Jak mówiła, lekarze w dalszym ciągu czekają na większe dostawy szczepionek. We wtorek Dworczyk zapowiedział, że w najbliższych dwóch tygodniach do punktów szczepień na terenie całego kraju trafi łącznie ponad dwa miliony dawek. - Cieszą zapowiedzi ministerstwa, ale jednocześnie czekamy również na poluzowanie wszystkich reżimów i danie możliwości zaszczepienia tym, którzy chcą się zaszczepić – powiedziała Janicka.
"Sama wieść o szczepieniu nie chroni nas przed wirusem"
Janicka zaapelowała do ludzi, by przestrzegali reżimu sanitarnego w miejscach szczepień.
- Stanowi to dzisiaj duży problem. Pacjenci, chyba w obawie, że nie dostaną szczepionki albo że otrzyma ją ktoś inny, często zgłaszają się znacznie przed terminem. Siedzą, czekają przed przychodnią lub w poczekalni. Zapominamy, że jesteśmy w czasie pandemii.

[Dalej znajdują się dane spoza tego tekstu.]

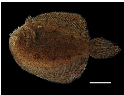
8 Achirus novoae ACHIRIDAE Lenguado/Pez hoja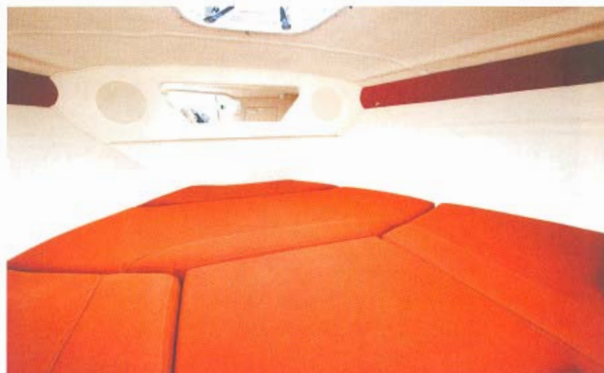
Dobbeltkøjen i kahytten har gode mål og friske farver lyser op.

► PRØVESEJLET BENGT-ERIK IVERSEN • FOTO FREDERIK FINNES • GRAFIK STAFFAN WESTERLING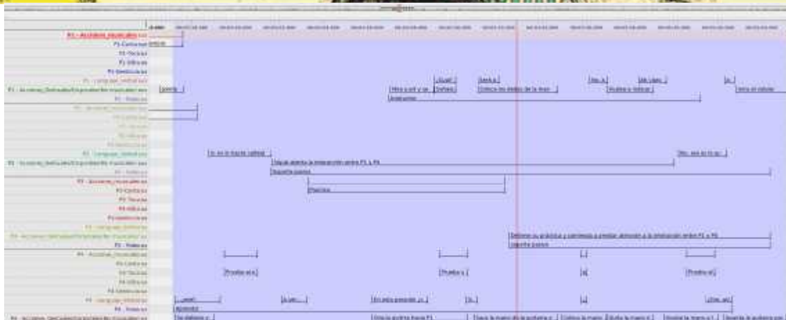
Figura 5. Captura de pantalla de las anotaciones en una escena de interacción basada en la resolución de un problema.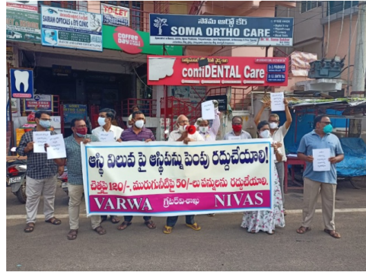
At Rythu Bazaar, Akkayyapalem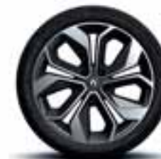
Aluminijski naplatci 18" Grandtour (Opcijski naplatci)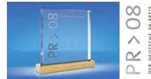
Ausgezeichnet mit dem Deutschen PR-Preis 2008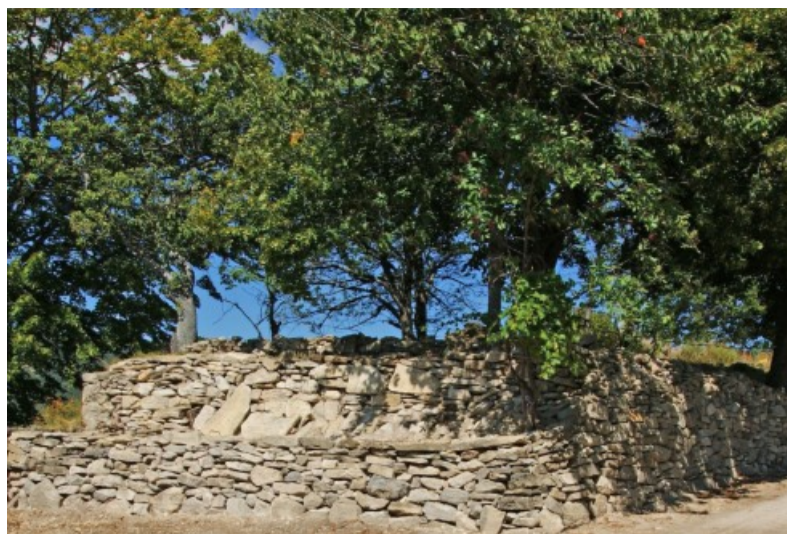
Murets en bordure de la placette et route départementale 17 à Castellard-Village

Pacjenci nagle wchodzą, wszyscy chcą być natychmiast zaszczepieni, maseczka pod nosem, nie zachowują odległości, nie zachowują dezynfekcji – mówiła lekarka.
Zwróciła się z prośbą do pacjentów, by przychodzili na konkretny, umówiony termin i przestrzegali zasady DDM (dystans, dezynfekcja, maseczka). - Jeżeli jesteście umówieni, to ta szczepionka na was czeka – zapewniła.
I dodała: - Wirus nie śpi. Czyha na każdego i wszędzie. A sama wieść o szczepieniu nie chroni nas przed nim.